When you are making plans to distribute your financial assets at the end of your life you may also be taking stock of your broader, deeper legacy as a human being. Anyone who has seen the movie It’s A Wonderful Life understands the fact that we play an integral role in the world around us. When you die you are not just erased from the picture…the entire picture changes. Death is inevitable and nothing to fear, but life is to be celebrated and chronicled so that others can benefit from the many things that you have learned along the way.
The way that you chronicle your life in celebration and sharing is by writing or recording your life story and making it part of your estate. The point is not to be self aggrandizing or didactic in this effort, but rather to share a sincere and heartfelt rendering of your life and times. Writing your autobiography is actually a selfless act that can be at once useful, instructive, entertaining, explanatory, and emotionally moving to the eventual readers while being cathartic for you as your life winds its way toward culmination.

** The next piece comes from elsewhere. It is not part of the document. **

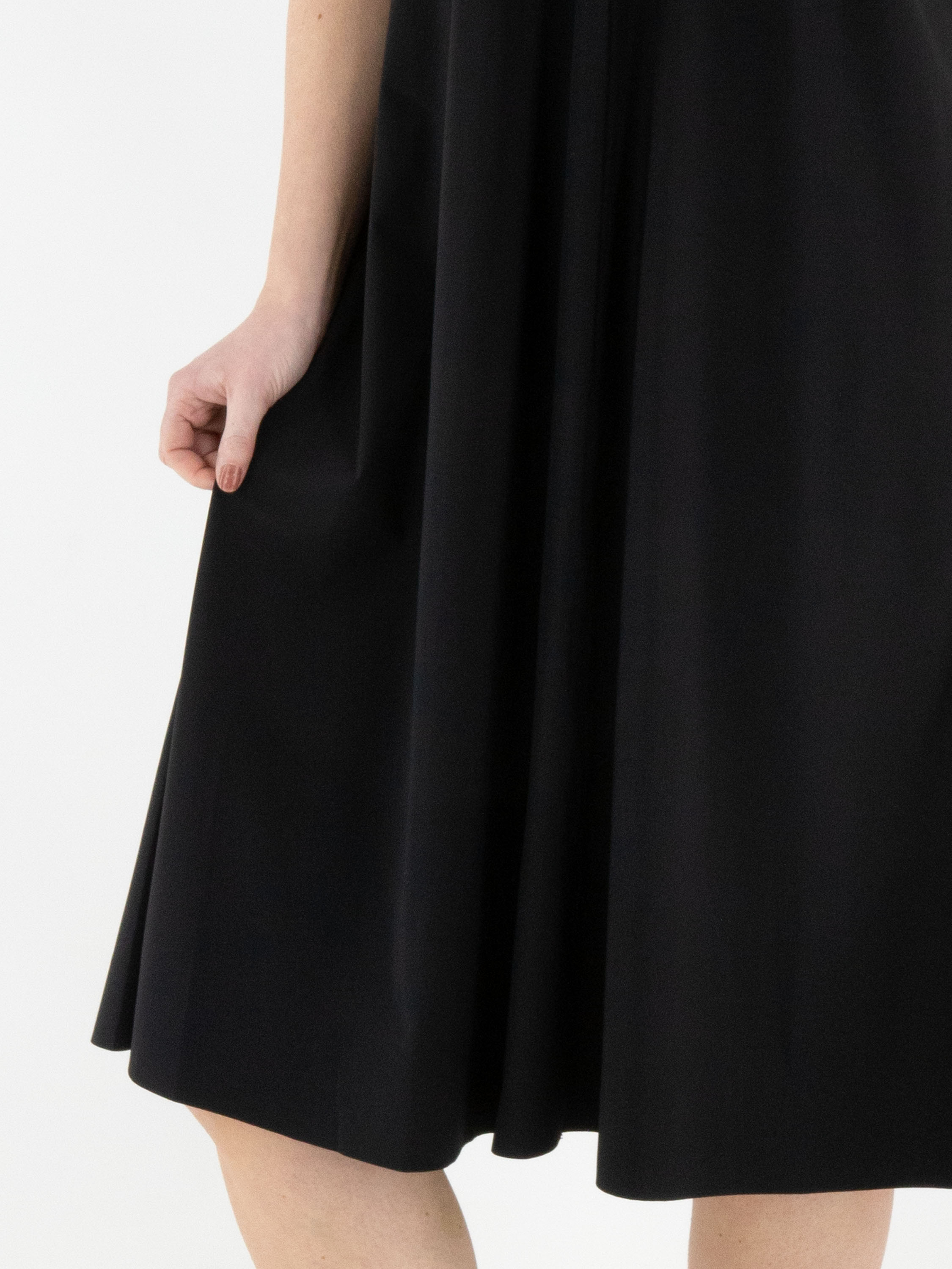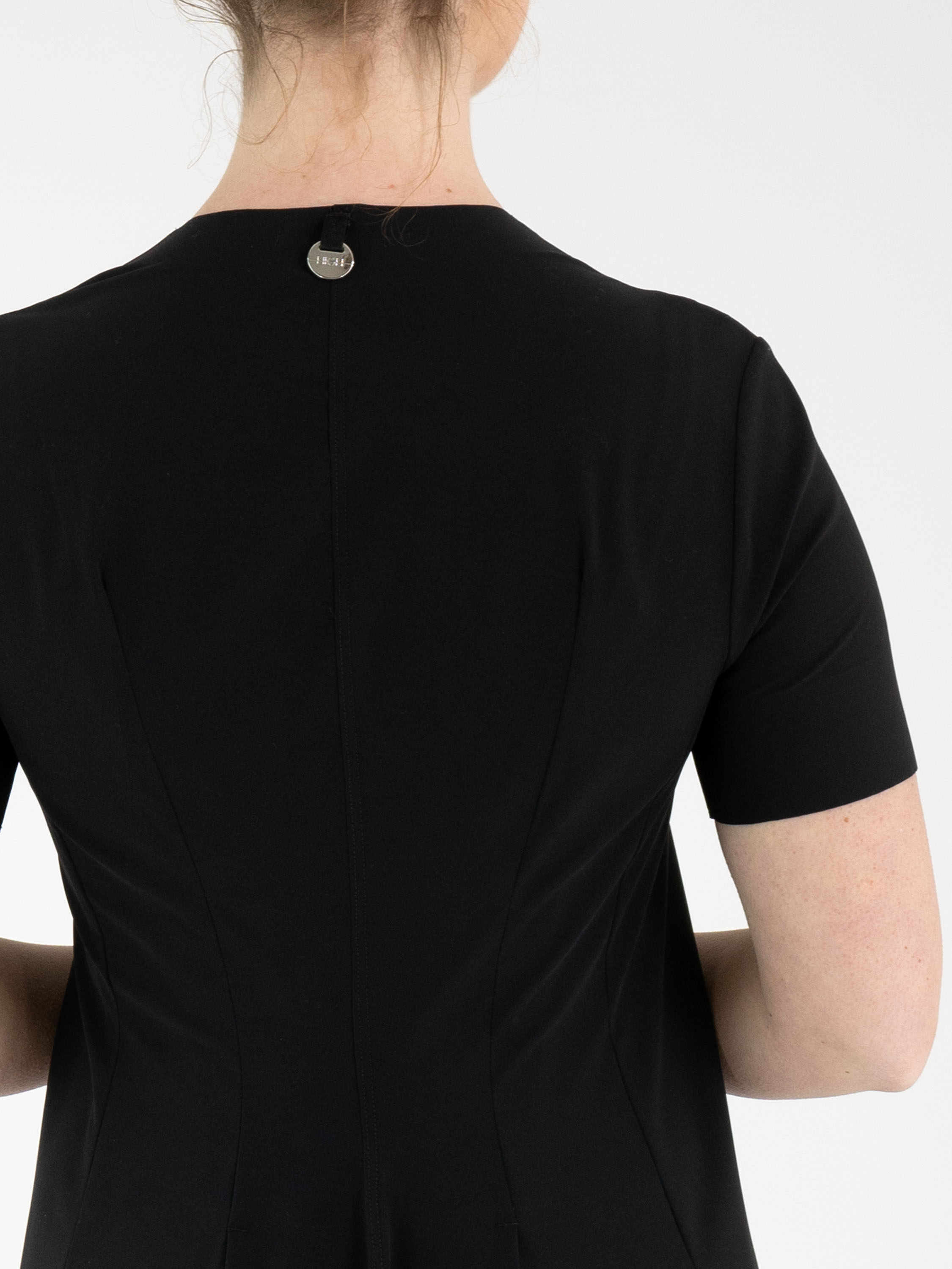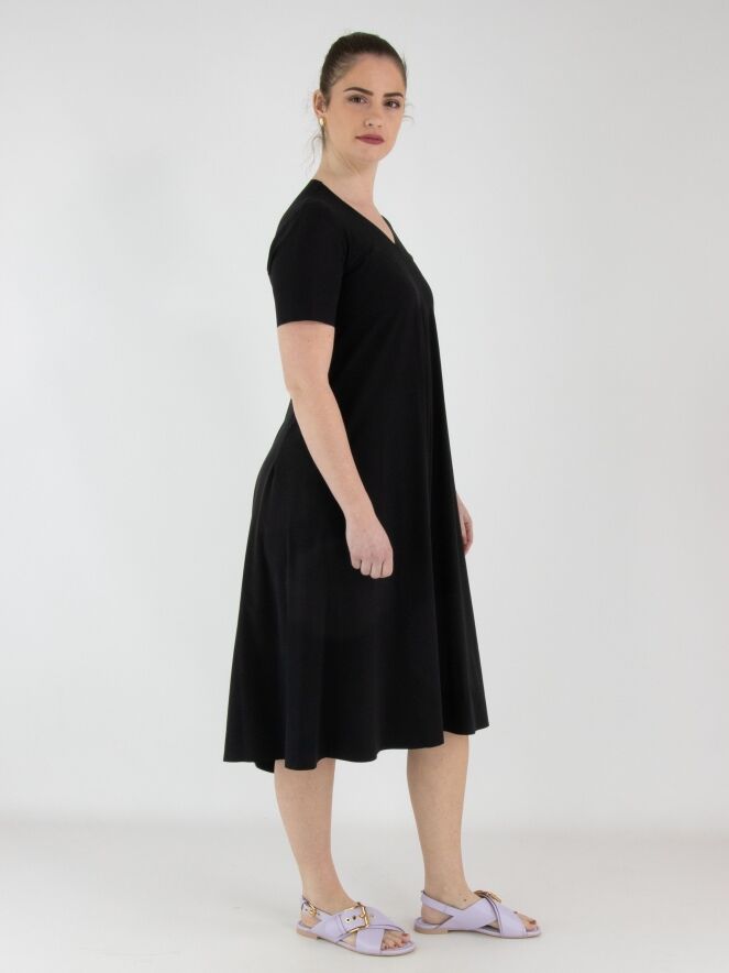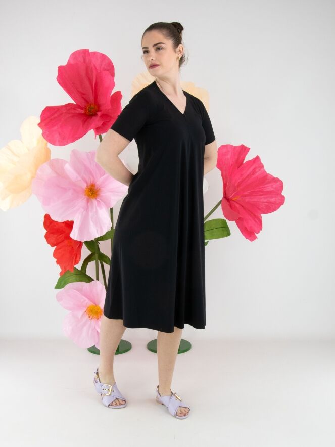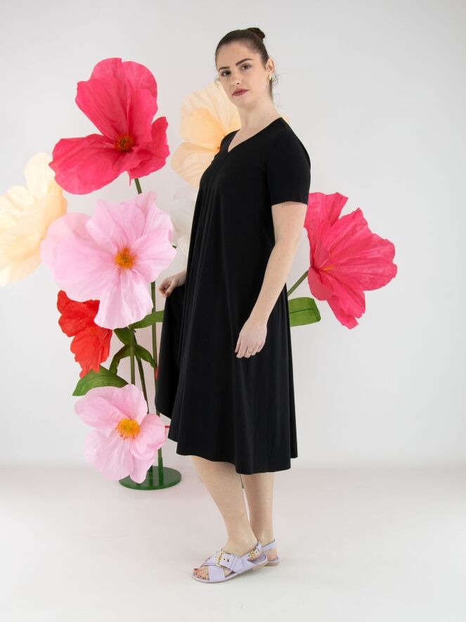 Een jurk van High in de kleur zwart. De jurk heeft een V-hals en korte mouwen. De jurk heeft een lichte A-lijn en mag op de hand worden gewassen.

We are all links between the future and the past. For example, your grandmother may have identified very strongly with her ethnic heritage, cooking in the traditional manner and keeping customs alive that she learned from her mother. You may be the only flickering ember that remains to remind succeeding generations of this family hearth. Writing your autobiography can connect your great-grandchildren with your grandmother and her mother before her, and making the effort to keep these roots intact is a worthy endeavor.
When you write your autobiography you also get the chance to provide your loved ones with the background information they need to fully understand you. And as you undertake the task, it is a sure bet that you will come away understanding yourself a lot better as well.